- _THE TASK_
Give again, unaltered, the lines of the listing below that run from the line having "รับงานพิสูจน์อักษรทุกประเภท เช่น นิยาย" through the line having "- THERAPEUTIC MASSAGE".

- _DATA_
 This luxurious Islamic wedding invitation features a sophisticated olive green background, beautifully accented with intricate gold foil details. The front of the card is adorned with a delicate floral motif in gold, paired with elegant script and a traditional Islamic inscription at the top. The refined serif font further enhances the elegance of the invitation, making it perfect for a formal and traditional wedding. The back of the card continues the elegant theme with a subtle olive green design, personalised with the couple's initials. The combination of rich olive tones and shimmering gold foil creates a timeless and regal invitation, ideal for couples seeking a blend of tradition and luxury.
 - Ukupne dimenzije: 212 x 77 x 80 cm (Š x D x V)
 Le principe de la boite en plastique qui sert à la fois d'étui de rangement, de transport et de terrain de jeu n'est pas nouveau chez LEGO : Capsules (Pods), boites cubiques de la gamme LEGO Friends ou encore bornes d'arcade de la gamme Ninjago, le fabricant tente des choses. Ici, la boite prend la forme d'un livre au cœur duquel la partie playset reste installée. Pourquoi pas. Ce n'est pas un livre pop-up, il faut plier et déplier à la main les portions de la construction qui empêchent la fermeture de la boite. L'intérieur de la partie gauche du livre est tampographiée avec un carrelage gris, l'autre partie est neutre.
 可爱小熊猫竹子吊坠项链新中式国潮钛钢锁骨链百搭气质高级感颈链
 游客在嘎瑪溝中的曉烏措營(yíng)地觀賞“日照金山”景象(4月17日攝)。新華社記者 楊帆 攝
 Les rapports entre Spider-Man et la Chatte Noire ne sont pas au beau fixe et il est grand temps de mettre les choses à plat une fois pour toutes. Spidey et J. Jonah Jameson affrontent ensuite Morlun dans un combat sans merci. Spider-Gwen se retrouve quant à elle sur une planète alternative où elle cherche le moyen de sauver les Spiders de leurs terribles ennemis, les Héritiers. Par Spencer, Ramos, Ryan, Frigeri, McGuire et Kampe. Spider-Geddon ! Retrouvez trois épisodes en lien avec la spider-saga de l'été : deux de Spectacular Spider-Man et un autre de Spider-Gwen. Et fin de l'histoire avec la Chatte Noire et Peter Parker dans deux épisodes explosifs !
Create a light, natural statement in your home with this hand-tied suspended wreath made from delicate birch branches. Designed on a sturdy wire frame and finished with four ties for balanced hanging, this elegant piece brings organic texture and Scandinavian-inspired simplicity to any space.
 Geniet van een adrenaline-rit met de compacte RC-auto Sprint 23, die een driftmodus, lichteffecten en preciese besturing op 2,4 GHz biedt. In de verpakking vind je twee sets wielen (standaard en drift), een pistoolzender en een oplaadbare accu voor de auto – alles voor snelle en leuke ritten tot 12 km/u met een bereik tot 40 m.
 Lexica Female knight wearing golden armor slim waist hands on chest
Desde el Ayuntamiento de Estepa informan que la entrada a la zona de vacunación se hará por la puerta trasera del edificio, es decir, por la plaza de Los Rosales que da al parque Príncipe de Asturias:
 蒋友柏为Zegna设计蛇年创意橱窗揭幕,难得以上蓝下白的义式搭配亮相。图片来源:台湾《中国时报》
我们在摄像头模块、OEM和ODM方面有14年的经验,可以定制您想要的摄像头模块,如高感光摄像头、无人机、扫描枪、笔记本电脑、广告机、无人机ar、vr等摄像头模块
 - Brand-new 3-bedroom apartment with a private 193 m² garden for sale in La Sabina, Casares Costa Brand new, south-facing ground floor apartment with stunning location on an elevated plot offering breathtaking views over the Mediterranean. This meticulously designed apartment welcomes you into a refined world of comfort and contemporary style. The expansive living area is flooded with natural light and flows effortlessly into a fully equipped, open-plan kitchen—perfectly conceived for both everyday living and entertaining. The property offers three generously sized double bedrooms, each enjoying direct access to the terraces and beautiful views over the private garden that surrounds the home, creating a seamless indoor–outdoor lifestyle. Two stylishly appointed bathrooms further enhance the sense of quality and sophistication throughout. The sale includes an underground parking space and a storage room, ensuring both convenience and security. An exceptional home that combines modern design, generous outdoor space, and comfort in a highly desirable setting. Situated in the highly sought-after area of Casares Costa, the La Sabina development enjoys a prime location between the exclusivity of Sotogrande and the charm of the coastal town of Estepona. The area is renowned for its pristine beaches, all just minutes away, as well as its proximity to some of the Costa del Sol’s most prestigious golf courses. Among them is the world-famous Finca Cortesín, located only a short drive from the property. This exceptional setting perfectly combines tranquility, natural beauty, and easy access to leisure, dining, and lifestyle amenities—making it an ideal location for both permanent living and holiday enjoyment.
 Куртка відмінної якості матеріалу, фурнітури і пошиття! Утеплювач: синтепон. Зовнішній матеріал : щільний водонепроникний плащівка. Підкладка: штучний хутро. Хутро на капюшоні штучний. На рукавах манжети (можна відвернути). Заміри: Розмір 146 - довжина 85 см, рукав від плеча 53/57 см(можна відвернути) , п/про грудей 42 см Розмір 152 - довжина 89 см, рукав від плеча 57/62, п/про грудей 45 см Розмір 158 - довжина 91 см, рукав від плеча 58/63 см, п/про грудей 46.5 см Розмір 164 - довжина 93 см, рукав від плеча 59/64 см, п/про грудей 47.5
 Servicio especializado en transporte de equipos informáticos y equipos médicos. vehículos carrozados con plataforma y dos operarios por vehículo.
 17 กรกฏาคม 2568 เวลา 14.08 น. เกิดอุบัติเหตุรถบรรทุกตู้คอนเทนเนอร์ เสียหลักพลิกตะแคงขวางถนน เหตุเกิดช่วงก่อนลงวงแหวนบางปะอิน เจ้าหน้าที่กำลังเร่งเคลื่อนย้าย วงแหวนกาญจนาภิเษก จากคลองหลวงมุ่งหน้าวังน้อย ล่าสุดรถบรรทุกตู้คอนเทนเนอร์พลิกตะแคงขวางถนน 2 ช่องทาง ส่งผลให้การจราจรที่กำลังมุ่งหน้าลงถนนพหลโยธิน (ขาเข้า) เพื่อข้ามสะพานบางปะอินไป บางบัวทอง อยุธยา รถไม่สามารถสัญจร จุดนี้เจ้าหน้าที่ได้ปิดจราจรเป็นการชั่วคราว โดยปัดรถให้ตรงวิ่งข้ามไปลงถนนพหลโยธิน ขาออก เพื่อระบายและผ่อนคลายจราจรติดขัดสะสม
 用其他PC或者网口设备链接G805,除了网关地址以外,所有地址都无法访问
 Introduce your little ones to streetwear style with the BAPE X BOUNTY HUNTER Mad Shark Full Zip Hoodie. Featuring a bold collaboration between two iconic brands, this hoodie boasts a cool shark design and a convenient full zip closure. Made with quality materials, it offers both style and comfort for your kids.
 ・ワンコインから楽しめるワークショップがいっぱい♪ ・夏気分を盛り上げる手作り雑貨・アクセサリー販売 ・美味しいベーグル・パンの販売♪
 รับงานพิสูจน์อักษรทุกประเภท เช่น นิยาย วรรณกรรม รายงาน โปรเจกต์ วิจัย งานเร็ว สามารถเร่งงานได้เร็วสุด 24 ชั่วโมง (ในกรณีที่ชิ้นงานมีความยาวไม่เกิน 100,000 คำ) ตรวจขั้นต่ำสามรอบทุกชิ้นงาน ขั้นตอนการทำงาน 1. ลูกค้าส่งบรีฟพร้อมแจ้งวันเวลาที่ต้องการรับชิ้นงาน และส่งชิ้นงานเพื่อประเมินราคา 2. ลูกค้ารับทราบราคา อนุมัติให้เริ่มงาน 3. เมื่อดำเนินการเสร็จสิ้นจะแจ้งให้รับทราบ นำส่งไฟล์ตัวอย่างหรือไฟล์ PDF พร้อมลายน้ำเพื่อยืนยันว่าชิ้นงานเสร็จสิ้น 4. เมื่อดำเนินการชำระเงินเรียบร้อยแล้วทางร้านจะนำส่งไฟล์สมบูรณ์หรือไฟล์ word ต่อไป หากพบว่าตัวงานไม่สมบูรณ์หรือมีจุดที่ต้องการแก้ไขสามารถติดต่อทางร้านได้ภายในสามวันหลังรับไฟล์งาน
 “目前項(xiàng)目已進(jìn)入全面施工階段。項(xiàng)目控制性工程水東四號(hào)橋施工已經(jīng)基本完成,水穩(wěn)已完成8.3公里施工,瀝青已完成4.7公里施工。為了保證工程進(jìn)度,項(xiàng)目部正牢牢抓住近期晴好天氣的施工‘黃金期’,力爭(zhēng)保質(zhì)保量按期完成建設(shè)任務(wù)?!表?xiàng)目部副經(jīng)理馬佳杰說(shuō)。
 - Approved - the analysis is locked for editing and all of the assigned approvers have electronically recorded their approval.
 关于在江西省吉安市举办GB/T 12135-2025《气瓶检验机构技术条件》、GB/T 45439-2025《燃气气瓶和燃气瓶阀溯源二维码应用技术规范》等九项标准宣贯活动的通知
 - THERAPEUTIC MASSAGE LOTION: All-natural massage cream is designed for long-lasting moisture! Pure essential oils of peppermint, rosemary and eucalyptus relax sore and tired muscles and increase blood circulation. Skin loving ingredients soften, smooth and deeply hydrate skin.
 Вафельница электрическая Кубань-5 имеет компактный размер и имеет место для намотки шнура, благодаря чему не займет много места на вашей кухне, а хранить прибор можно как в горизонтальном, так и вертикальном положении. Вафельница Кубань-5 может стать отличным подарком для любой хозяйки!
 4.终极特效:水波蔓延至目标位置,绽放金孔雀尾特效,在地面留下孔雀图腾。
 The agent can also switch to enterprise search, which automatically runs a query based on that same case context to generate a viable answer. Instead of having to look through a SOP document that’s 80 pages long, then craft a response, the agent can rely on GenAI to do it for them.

- _EXPECTED ANSWER_
 รับงานพิสูจน์อักษรทุกประเภท เช่น นิยาย วรรณกรรม รายงาน โปรเจกต์ วิจัย งานเร็ว สามารถเร่งงานได้เร็วสุด 24 ชั่วโมง (ในกรณีที่ชิ้นงานมีความยาวไม่เกิน 100,000 คำ) ตรวจขั้นต่ำสามรอบทุกชิ้นงาน ขั้นตอนการทำงาน 1. ลูกค้าส่งบรีฟพร้อมแจ้งวันเวลาที่ต้องการรับชิ้นงาน และส่งชิ้นงานเพื่อประเมินราคา 2. ลูกค้ารับทราบราคา อนุมัติให้เริ่มงาน 3. เมื่อดำเนินการเสร็จสิ้นจะแจ้งให้รับทราบ นำส่งไฟล์ตัวอย่างหรือไฟล์ PDF พร้อมลายน้ำเพื่อยืนยันว่าชิ้นงานเสร็จสิ้น 4. เมื่อดำเนินการชำระเงินเรียบร้อยแล้วทางร้านจะนำส่งไฟล์สมบูรณ์หรือไฟล์ word ต่อไป หากพบว่าตัวงานไม่สมบูรณ์หรือมีจุดที่ต้องการแก้ไขสามารถติดต่อทางร้านได้ภายในสามวันหลังรับไฟล์งาน
 “目前項(xiàng)目已進(jìn)入全面施工階段。項(xiàng)目控制性工程水東四號(hào)橋施工已經(jīng)基本完成,水穩(wěn)已完成8.3公里施工,瀝青已完成4.7公里施工。為了保證工程進(jìn)度,項(xiàng)目部正牢牢抓住近期晴好天氣的施工‘黃金期’,力爭(zhēng)保質(zhì)保量按期完成建設(shè)任務(wù)?!表?xiàng)目部副經(jīng)理馬佳杰說(shuō)。
 - Approved - the analysis is locked for editing and all of the assigned approvers have electronically recorded their approval.
 关于在江西省吉安市举办GB/T 12135-2025《气瓶检验机构技术条件》、GB/T 45439-2025《燃气气瓶和燃气瓶阀溯源二维码应用技术规范》等九项标准宣贯活动的通知
 - THERAPEUTIC MASSAGE LOTION: All-natural massage cream is designed for long-lasting moisture! Pure essential oils of peppermint, rosemary and eucalyptus relax sore and tired muscles and increase blood circulation. Skin loving ingredients soften, smooth and deeply hydrate skin.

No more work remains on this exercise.